Treating Warm Season Grass
El inglés es el idioma de control de esta página. En la medida en que haya algún conflicto entre la traducción al inglés y la traducción, el inglés prevalece.
Al hacer clic en el enlace de traducción se activa un servicio de traducción gratuito para convertir la página al español. Al igual que con cualquier traducción por Internet, la conversión no es sensible al contexto y puede que no traduzca el texto en su significado original. NC State Extension no garantiza la exactitud del texto traducido. Por favor, tenga en cuenta que algunas aplicaciones y/o servicios pueden no funcionar como se espera cuando se traducen.
English is the controlling language of this page. To the extent there is any conflict between the English text and the translation, English controls.
Clicking on the translation link activates a free translation service to convert the page to Spanish. As with any Internet translation, the conversion is not context-sensitive and may not translate the text to its original meaning. NC State Extension does not guarantee the accuracy of the translated text. Please note that some applications and/or services may not function as expected when translated.Collapse ▲
Fall is in the air as leaves are starting to drop from trees. Temperatures are beginning to cool and less growth can be observed in our shrubs and lawns. Have you seen promotions encouraging fertilization of your grass? Let’s take a look at some of the differences in lawns.
In the eastern part of NC warm-season grasses are mainly grown. Grasses including Bermuda, Centipede, Zoysia and St. Augustine actively grow during the summer and go dormant in the winter months. These grasses are different from cool-season grasses like fescue and bluegrass which actively grow during the fall and spring of the year. We live in an area close to a transition zone. West of us cool-season grasses grow better than warm-season grasses.
Lawns generally need nitrogen when the turf is actively growing. Therefore, warm season grasses benefit from nitrogen fertilizer when active growth is occurring usually as spring begins to turn into summer. The date referenced for Centipede on the calendar is May 15 because of our climate.

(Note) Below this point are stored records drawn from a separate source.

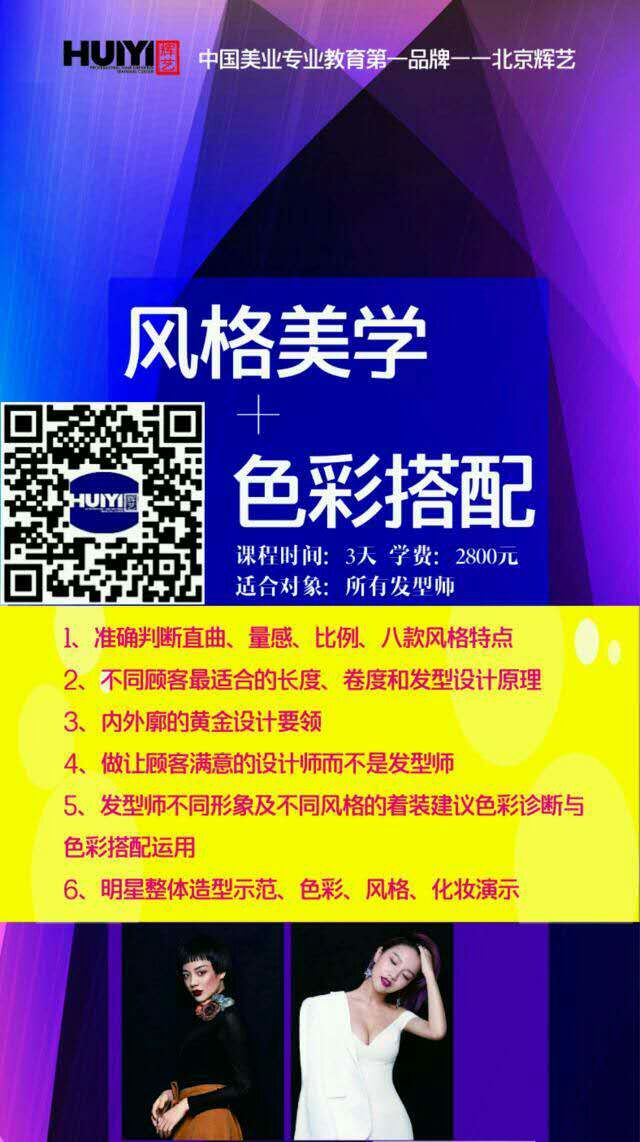 北京輝藝學院 4月11-13號《風格美學與色彩搭配》開課 學費2800元/人 風格美學課程內容: 1、準確判斷直曲、量感、比例、八大風格特點 2、不同顧客最適合的長度、卷度和發(fā)..
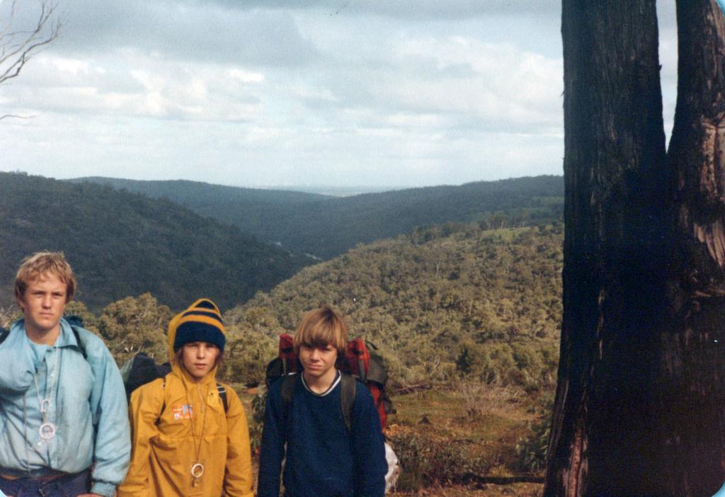 A coloured photograph showing three boys pictured on the left side of the photograph standing in front of several hills covered in bushland. The boy on the far left is the tallest and wears a light blue jacket and jeans. The boy in the centre wears a yellow jacket and a yellow striped beanie, and the third boy on the right wears a navy blue jumper with a white neck stripe and a red backpack. There is a large tree trunk that runs the length of the photograph on the far right side.
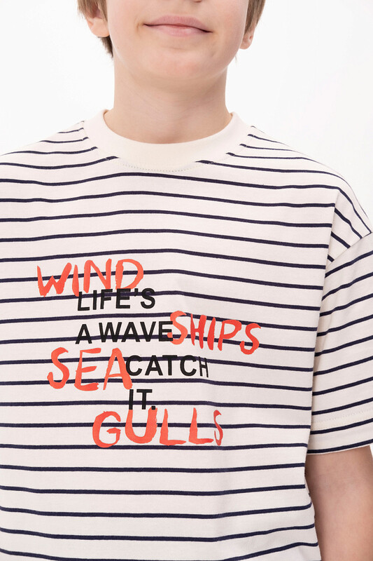 Футболка для мальчика свободного кроя  - это идеальный выбор для активного ребенка. Вырез горловины обработан эластичной тканью — она прекрасно держит форму, не растягивается, при этом ребёнку удобно надевать и снимать футболку.По переду принт с надписями. Перевод принта "wind, ships, sea, gulls" - ветер, корабли, море, чайки, "life's a wave catch it" - жизнь это волна, ловите ее. Спортивная футболка подходит как для малышей в детский сад так и для подростков. Она подходит для любого времени года, её можно носить как летом, так и в холодное время года в качестве среднего слоя одежды. Помните о правильном уходе за изделием: рекомендуется стирать при температуре не выше 30 °C, без предварительного замачивания, с изнанки. Это поможет сохранить качество и цвет футболки на длительное время.
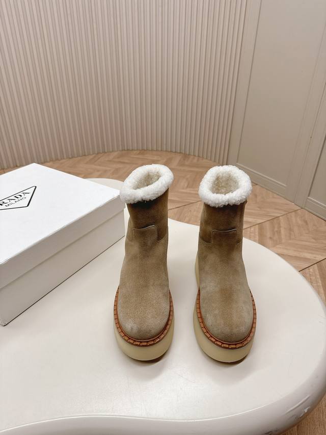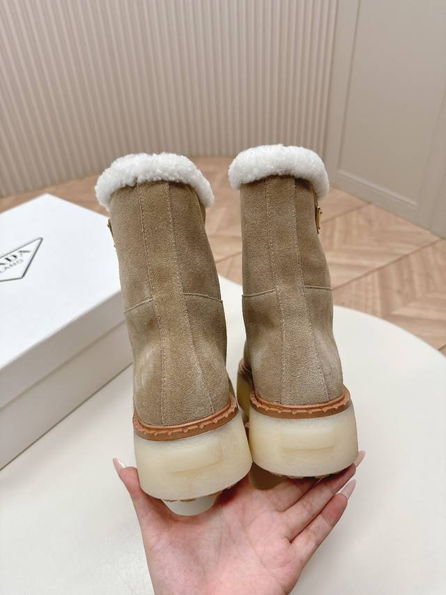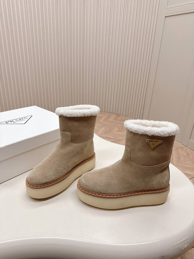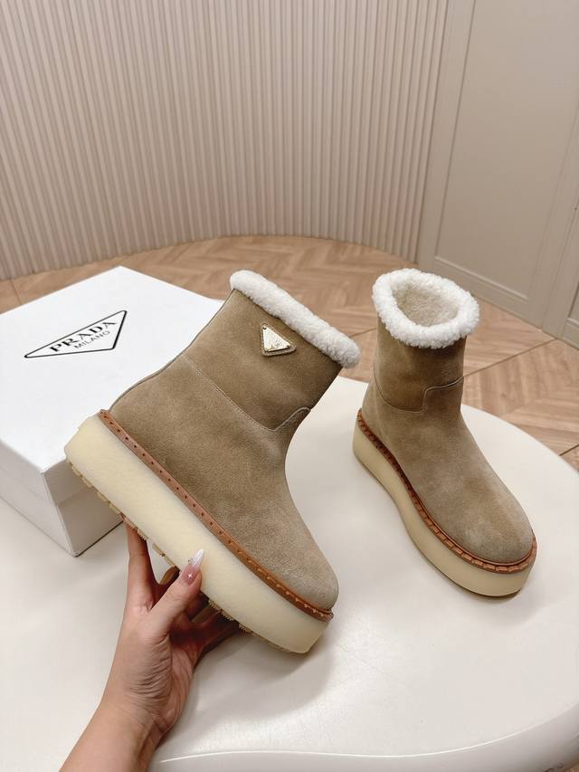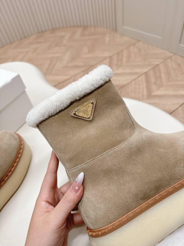 / 市面最高版本 prada 普拉达25秋冬新款△三角标羊毛鞋,材质细节可对比原版,市面普通版本区分!厚底靴 雪地靴 鞋面:双色擦色牛绒真 内里:羊羔毛 大底:真皮
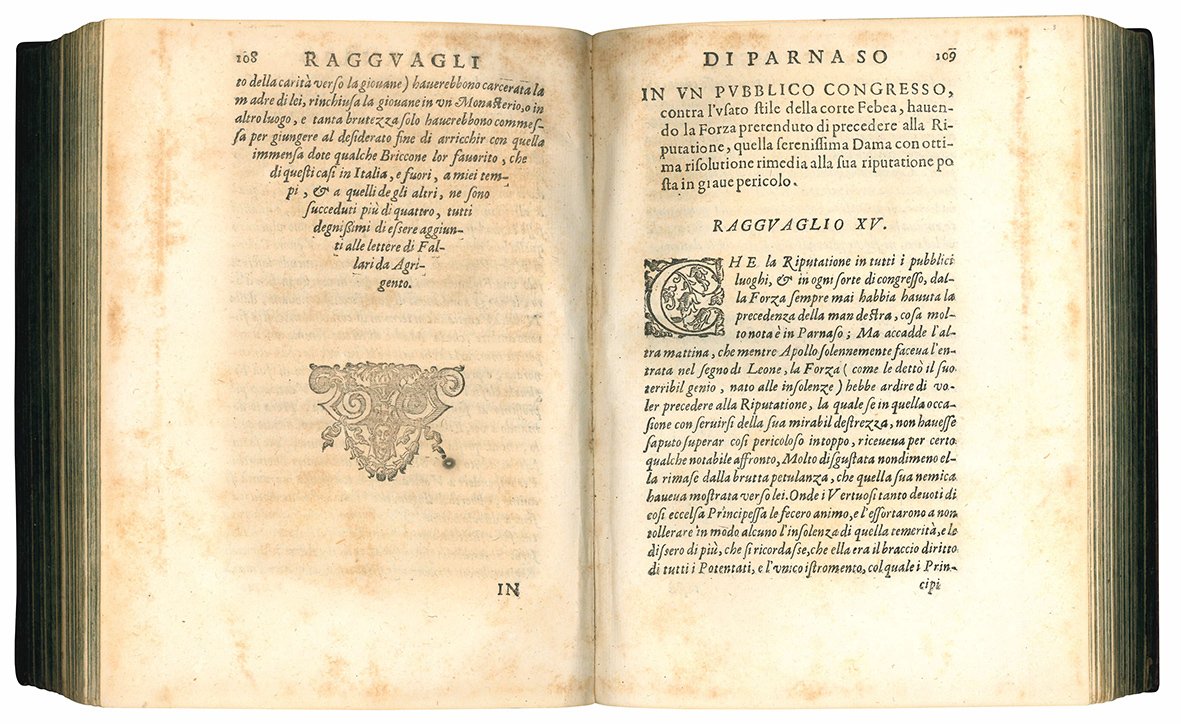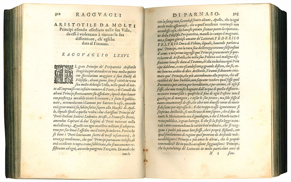 Fourth edition of Centuria prima and third edition of Centuria seconda of De' Ragguagli di Parnaso. Reissue of the first edition of the Pietra del paragone politico.

Applying a fertilizer containing Nitrogen after August or before May can set a warm-season turf up for injury.
Understanding the three numbers on the fertilizer bag is helpful in providing for the nutrition needs of plants. These numbers indicate the ratio of major nutrients plants in the product. A bag of 8-0-24 fertilizer contains 8 percent Nitrogen (N), zero percent Phosphorus (P) and 24 percent Potassium (K). Each nutrient helps plants in different ways. Nitrogen (N) promotes green, leafy plant growth. Phosphorus (P) promotes root growth along with flower, fruit and seed production. Potassium (K), also known as potash, improves the overall plant’s health by increasing drought tolerance, winter hardiness and disease resistance.
Soil tests are encouraged to determine the levels of nutrients in your soil. If the results indicate a deficiency in potassium, apply a potassium fertilizer such as muriate of potash (0-0-60) would encourage a healthier lawn increasing winter hardiness. For the best results, potassium fertilizers need to be applied six weeks before the first expected frost which is usually around the end of October in Lenoir County.
Encouraging a healthy lawn includes being sensitive to the local climate, knowing the type of grass best suited for your area, understanding the numbers on fertilizer bags, and careful timing of product applications. Read labels carefully before apply products.